The role of the gut in COVID-19. Many COVID-19 patients present with gastrointestinal symptoms and also suffer from sepsis that may originate in the gut. This could be an important element in the development and outcome of the disease. Though results from studies vary, it is evident that gastrointestinal symptoms, loss of taste, and diarrhea, in particular, can be features of the infection and may occur in the absence of overt respiratory symptoms. There is a suggestion that gastrointestinal symptoms are associated with a more severe disease course. Angiotensin converting enzyme 2 and virus nucleocapsid protein have been detected in gastrointestinal epithelial cells, and infectious virus particles have been isolated from feces. In some patients, viral RNA may be detectable in feces when nasopharyngeal samples are negative. The significance of these findings in terms of disease transmission is unknown but, in theory, do provide an opportunity for microbiome-modulating interventions that may have anti-viral effects (Cheung et al. 2020; Tian et al. 2020; Han et al. 2020).

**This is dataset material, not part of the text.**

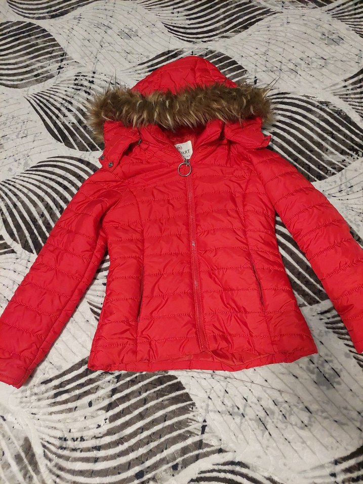 Kırmızı renkli, suni kürk detaylı kapüşonlu, uzun kollu, ince kesim kadın kışlık mont. Rahat ve sıcak tutan sentetik kumaştan yapılmıştır. ❄️
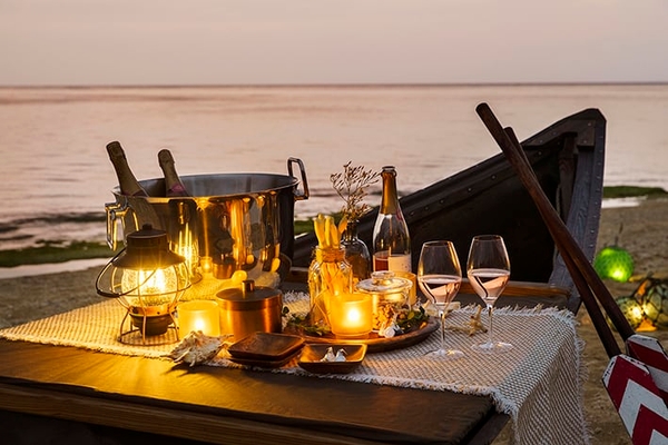 ハーリーの日に、人々が港に集まってご馳走やお酒を楽しんでいたという古事にちなみ、星のや沖縄の前の浜辺に、夕陽を眺めながらアペリティフを楽しむスペースが登場します。日中に海へ漕ぎ出ていたサバニをドリンクカウンターに変え、スパークリングワインなどの飲み物とスナックを楽しめます。サバニの周りには、漁網のブイに使用していたガラスの「浮き球」を使った照明が灯り、夕刻は幻想的な雰囲気に包まれます。水平線に沈む夕陽と空の色の移り変わりを、心地よい風の中で優雅に眺められます。

A preprint (not peer reviewed) has recently been released, titled ‘Gut microbiota may underlie the predisposition of healthy individuals to COVID-19’ (Gao et al. 2020) suggesting that this could be an interesting research direction and worthy of further discussion. A review of China National Health Commission and National Administration of Traditional Chinese Medicine guidelines also suggested probiotic use, although more work on specific strains is needed (Mak et al. 2020).

Are probiotics or prebiotics safe? Currently marketed probiotics and prebiotics are available primarily as foods and food/dietary supplements, not as drugs to treat or prevent disease. Assuming they are manufactured in a manner consistent with applicable regulations, they should be safe for the generally healthy population and can be consumed during this time.

Baud et al. (in press) presented a case for probiotics and prebiotics to be part of the management of COVID-19. Although not fully aligned with ISAPP’s official position, readers may find the points made and references cited of interest.

Conclusion. We reiterate, currently no probiotics or prebiotics have been shown to prevent or treat COVID-19 or inhibit the growth of SARSCoV-2.